--- SUPPLIED MATERIAL Enclosed Below ---
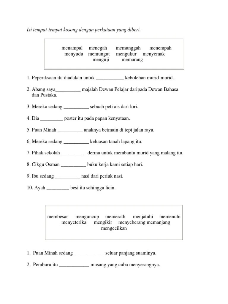 Sepuluh peserta dalam penelitian kecil ini dipantau selama enam bulan. Amk tujuan contoh kata hubung: Bahasa melayu tahun 5 kertas 1 (pemahaman) kandungan imbas di sini untuk nota dan tips istimewa daripada penulis unit 1 : Dia berpindah dari rumah itu kerana sewanya mahal. kata pemeri 12 unit 7 : contoh ayat kata ganda berentak tahun 5. Kinerja pak anton sangat memuaskan. 1) digunakan pada kata dasar yang diulang atau digandakan seluruhnya. Penanda wacana 18 unit 10 : For more information and source, see on this link : The copyright of the image is owned by the owner, this website only displays a few snippets of several keywords that are put together in a post summary. tahun 5 tema / tajuk di mana ada kemahuan di situ ada jalan standard kandungan 5.2 membaca, memahami dan jenis kata ganda. Ketiga anak ibu santoso kuliah di luar negeri.
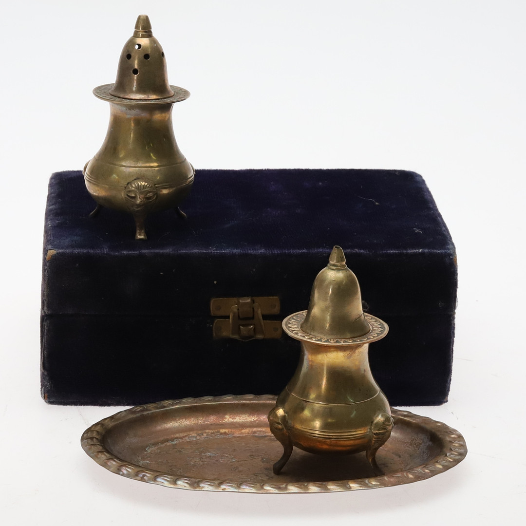 4424947. PLATTER & SPRINKLER, silver plated & patinated.
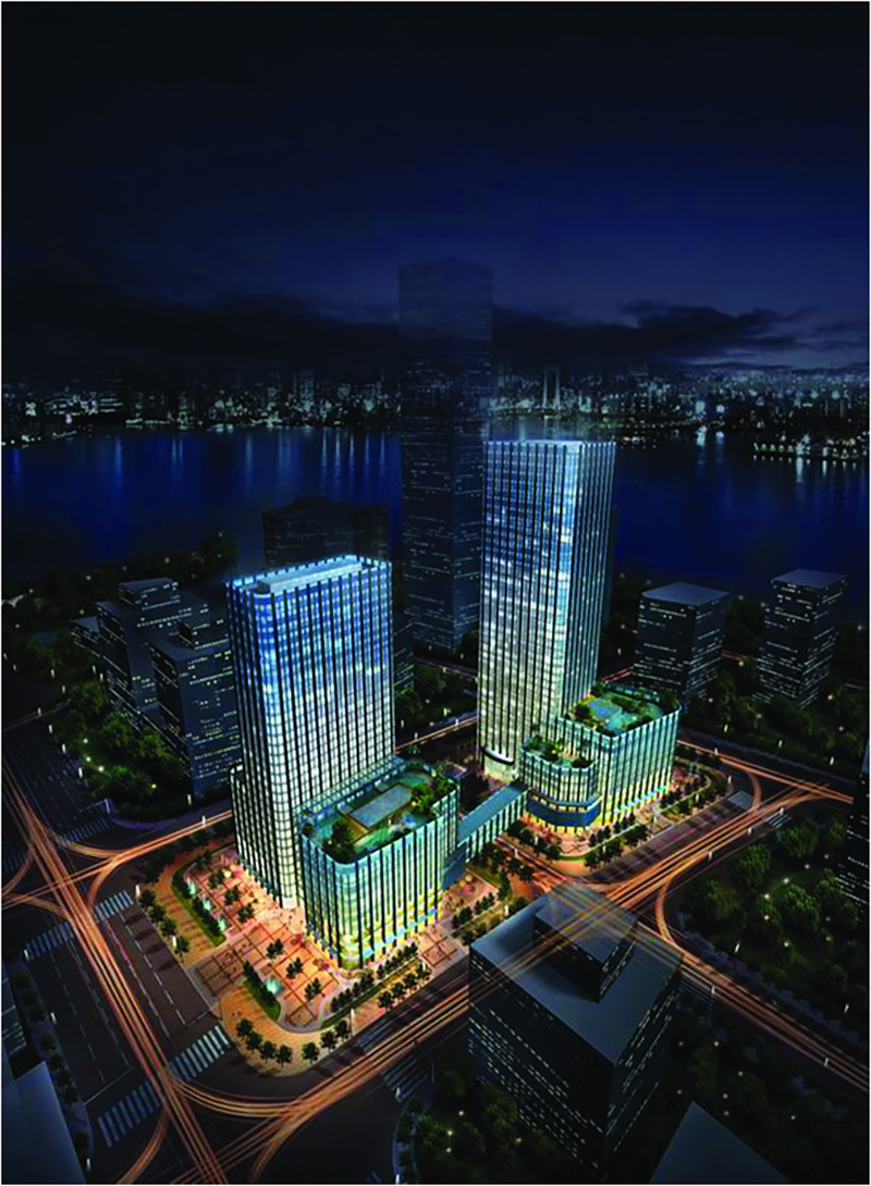 坐落于天津濱海新區響鑼灣中心商務商業區。項目集酒店公寓、商業及辦公樓于一體,總建筑面積18.7萬平米,由兩座分別為120米和150米的超高層塔樓及6-9層裙樓組成。其中辦公樓39層,酒店公寓樓30層。
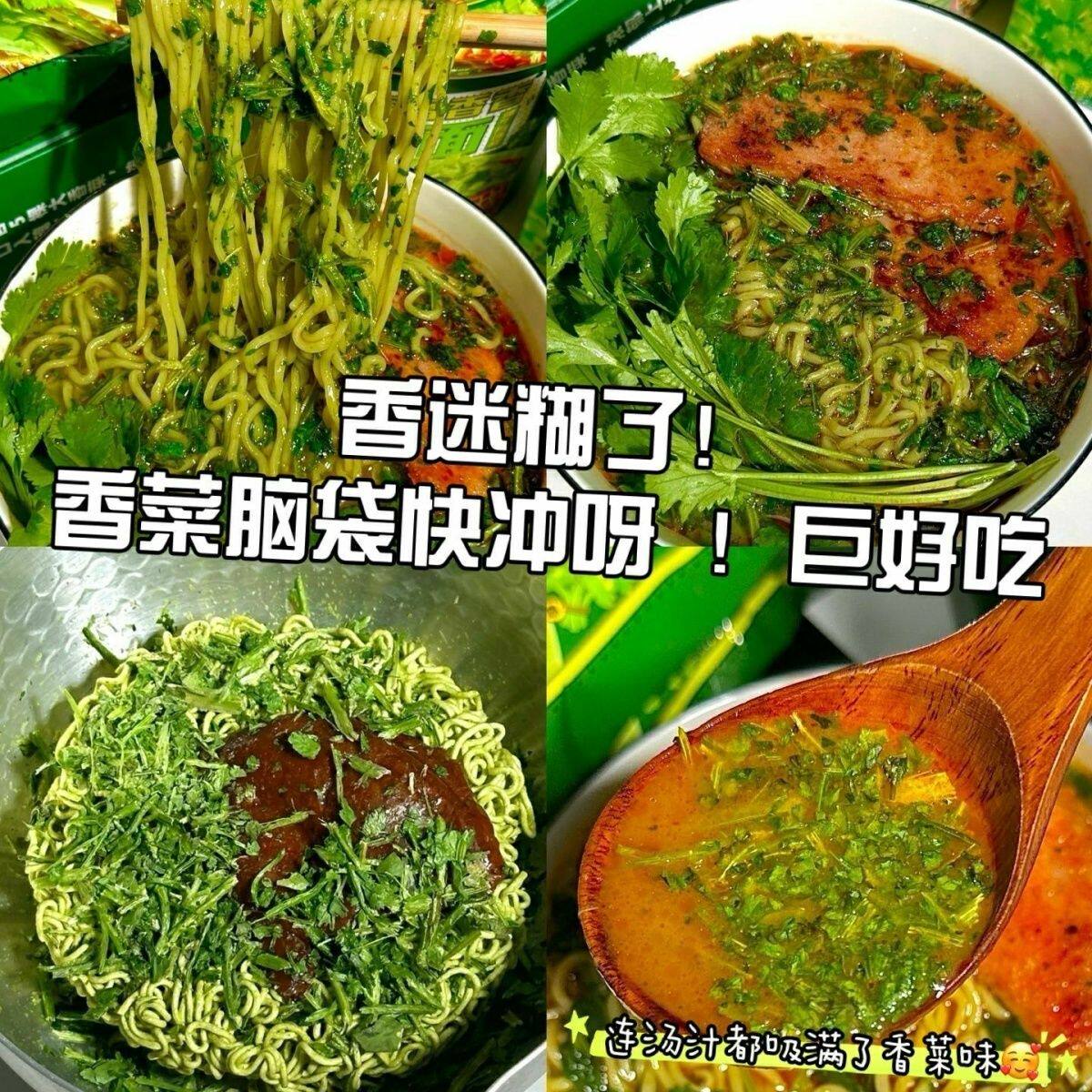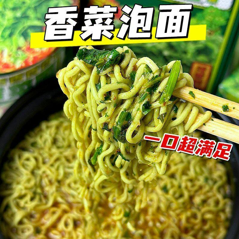 📚 香菜泡面方便油炸方便面懒人速食夜宵绿色蔬菜零食面饼冲泡整箱
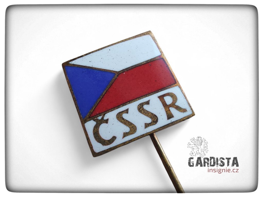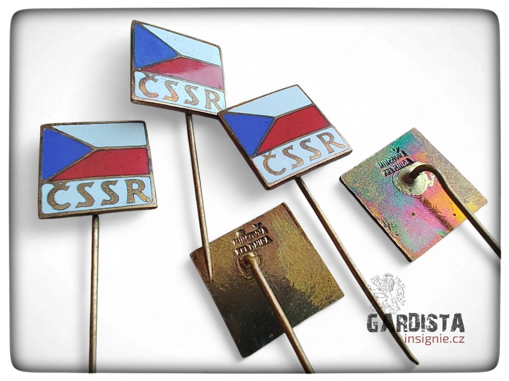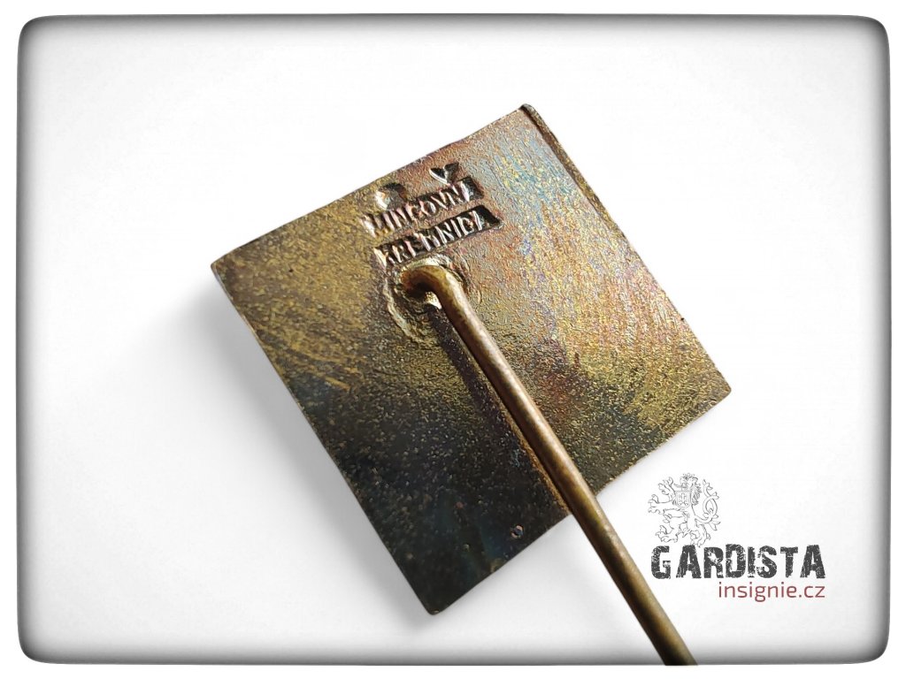 Odznak z přelomu 60. a 70. let minulého století. Tombak a smalt. Rozměry 15 x 15 mm. délka 45 mm.Výrobce: Mincovna Kremnice.
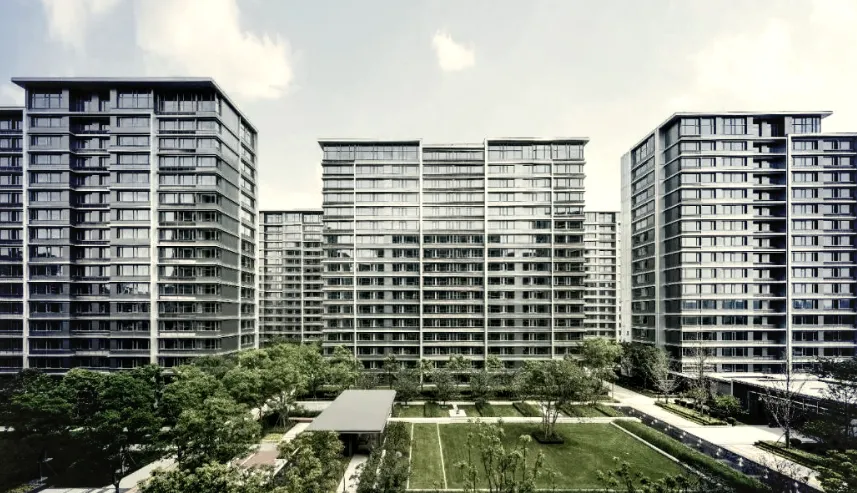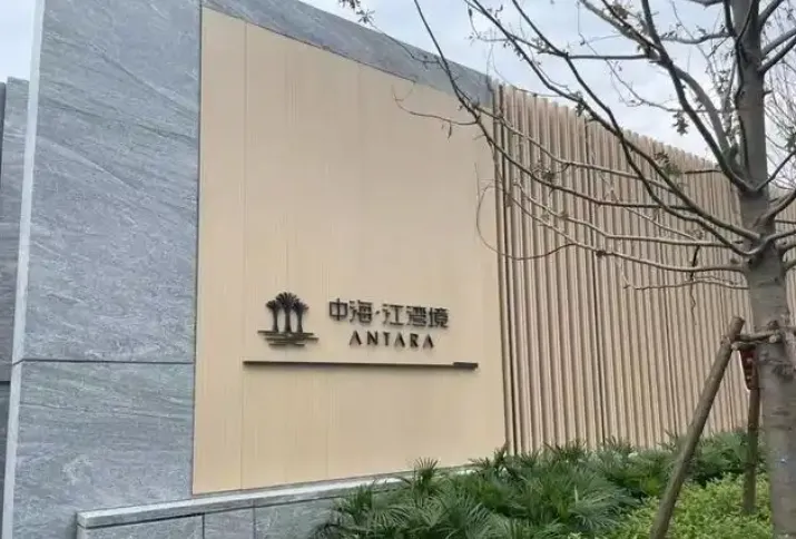 最引人注目的当属立面革新。中海江湾境创新打造南京首个木纹铝板立面,这在以玻璃幕墙和金属铝板为主流的南京豪宅市场中独树一帜。木纹铝板既保留了金属材料的耐久性和质感,又通过仿木纹理的设计,与江心洲的自然生态形成呼应,呈现出温润、雅致的视觉效果。配合斜切角屋檐和银白色线条,整个建筑立面既有现代感,又不失人文温度。
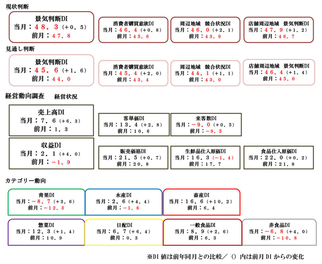 カテゴリー動向調査では、土曜日が一回多いことを追い風に全カテゴリーでDIが前月を上回る動きとなった。前年からの相場安により青果は低迷しているものの、牛肉に回復傾向がみられた畜産や惣菜、日配・一般食品が堅調な推移となった。
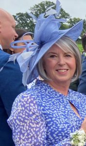 Lovely photo of Sian at her recent daughters wedding. Such a beautiful shade of cornflower blue and we had the perfect headpiece to match in the boutique
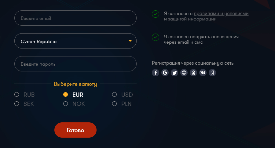 Регистрация через зеркало такая же простая, как и на официальном сайте. Потребуется указать свой логин (электронную почту) и придумать пароль. А после подтвердить адрес почты. Всего пара кликов отделяют каждого от почетного звания "Ирок Френк казино".
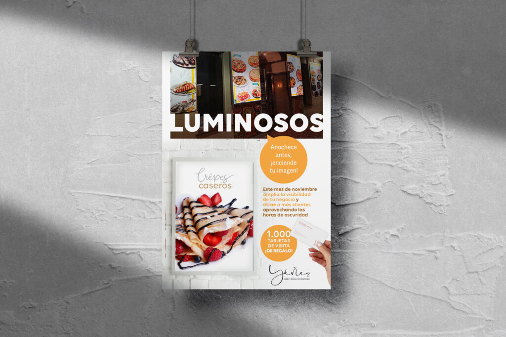 En Yañez – diseño e imagen para hostelería – sabemos que un rótulo luminoso bien diseñado puede marcar la diferencia entre pasar desapercibido o captar nuevas miradas. La iluminación comercial no solo mejora la visibilidad exterior de tu negocio, sino que también transmite profesionalidad, confianza y una imagen cuidada de tu marca.
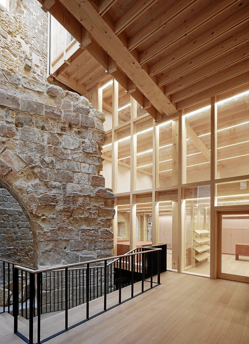 Eraikineko protagonista nagusiak, ordea, honen fatxadak eta bere hutsuneak bihurtu dira. Hutsune hauek, guztiak ezberdinak, XX. mendean adreiluz eta zementu morteroz estaliak izan ziren, hormen egonkortasuna bermatzeko. Irudi zaharrei esker bagenekien hauetako batzuk desitxuratuta zeudela eta adreiluak kentzen ahaleginduz gero gehiago apurtzeko arriskua zegoela. Horren aurrean, bi estrategia bide hartu ziren: irekitzen ez ziren hutsuneetan, adreilu-oihalak kare-morteroz estali eta gainean metalezko plaka beheratu bat jarri zitzaien, bertan existitu zela dokumentatua zegoen hutsunearen irudi abstraktu bat lortuz. Irekitzen zirenen kasuan, adreilu zatiak kendu, harrizko egitura berreraiki, eta marko metaliko autosostengatu bat egin zitzaien, harria ukitu gabe, forma aldakorretara egokitzen zena. Horrela, fatxada narratibo bihurtzen da, garai ezberdinen hainbat irakurketa modu didaktikoan gainjarriz.
--- End of Enclosed SUPPLIED MATERIAL ---
§ **DIRECTIONS**
Quote the records above in full, dropping each picture.

§ **TASK ANSWER**
 Sepuluh peserta dalam penelitian kecil ini dipantau selama enam bulan. Amk tujuan contoh kata hubung: Bahasa melayu tahun 5 kertas 1 (pemahaman) kandungan imbas di sini untuk nota dan tips istimewa daripada penulis unit 1 : Dia berpindah dari rumah itu kerana sewanya mahal. kata pemeri 12 unit 7 : contoh ayat kata ganda berentak tahun 5. Kinerja pak anton sangat memuaskan. 1) digunakan pada kata dasar yang diulang atau digandakan seluruhnya. Penanda wacana 18 unit 10 : For more information and source, see on this link : The copyright of the image is owned by the owner, this website only displays a few snippets of several keywords that are put together in a post summary. tahun 5 tema / tajuk di mana ada kemahuan di situ ada jalan standard kandungan 5.2 membaca, memahami dan jenis kata ganda. Ketiga anak ibu santoso kuliah di luar negeri.
 4424947. PLATTER & SPRINKLER, silver plated & patinated.
 坐落于天津濱海新區響鑼灣中心商務商業區。項目集酒店公寓、商業及辦公樓于一體,總建筑面積18.7萬平米,由兩座分別為120米和150米的超高層塔樓及6-9層裙樓組成。其中辦公樓39層,酒店公寓樓30層。
 📚 香菜泡面方便油炸方便面懒人速食夜宵绿色蔬菜零食面饼冲泡整箱
 Odznak z přelomu 60. a 70. let minulého století. Tombak a smalt. Rozměry 15 x 15 mm. délka 45 mm.Výrobce: Mincovna Kremnice.
 最引人注目的当属立面革新。中海江湾境创新打造南京首个木纹铝板立面,这在以玻璃幕墙和金属铝板为主流的南京豪宅市场中独树一帜。木纹铝板既保留了金属材料的耐久性和质感,又通过仿木纹理的设计,与江心洲的自然生态形成呼应,呈现出温润、雅致的视觉效果。配合斜切角屋檐和银白色线条,整个建筑立面既有现代感,又不失人文温度。
 カテゴリー動向調査では、土曜日が一回多いことを追い風に全カテゴリーでDIが前月を上回る動きとなった。前年からの相場安により青果は低迷しているものの、牛肉に回復傾向がみられた畜産や惣菜、日配・一般食品が堅調な推移となった。
 Lovely photo of Sian at her recent daughters wedding. Such a beautiful shade of cornflower blue and we had the perfect headpiece to match in the boutique
 Регистрация через зеркало такая же простая, как и на официальном сайте. Потребуется указать свой логин (электронную почту) и придумать пароль. А после подтвердить адрес почты. Всего пара кликов отделяют каждого от почетного звания "Ирок Френк казино".
 En Yañez – diseño e imagen para hostelería – sabemos que un rótulo luminoso bien diseñado puede marcar la diferencia entre pasar desapercibido o captar nuevas miradas. La iluminación comercial no solo mejora la visibilidad exterior de tu negocio, sino que también transmite profesionalidad, confianza y una imagen cuidada de tu marca.
 Eraikineko protagonista nagusiak, ordea, honen fatxadak eta bere hutsuneak bihurtu dira. Hutsune hauek, guztiak ezberdinak, XX. mendean adreiluz eta zementu morteroz estaliak izan ziren, hormen egonkortasuna bermatzeko. Irudi zaharrei esker bagenekien hauetako batzuk desitxuratuta zeudela eta adreiluak kentzen ahaleginduz gero gehiago apurtzeko arriskua zegoela. Horren aurrean, bi estrategia bide hartu ziren: irekitzen ez ziren hutsuneetan, adreilu-oihalak kare-morteroz estali eta gainean metalezko plaka beheratu bat jarri zitzaien, bertan existitu zela dokumentatua zegoen hutsunearen irudi abstraktu bat lortuz. Irekitzen zirenen kasuan, adreilu zatiak kendu, harrizko egitura berreraiki, eta marko metaliko autosostengatu bat egin zitzaien, harria ukitu gabe, forma aldakorretara egokitzen zena. Horrela, fatxada narratibo bihurtzen da, garai ezberdinen hainbat irakurketa modu didaktikoan gainjarriz.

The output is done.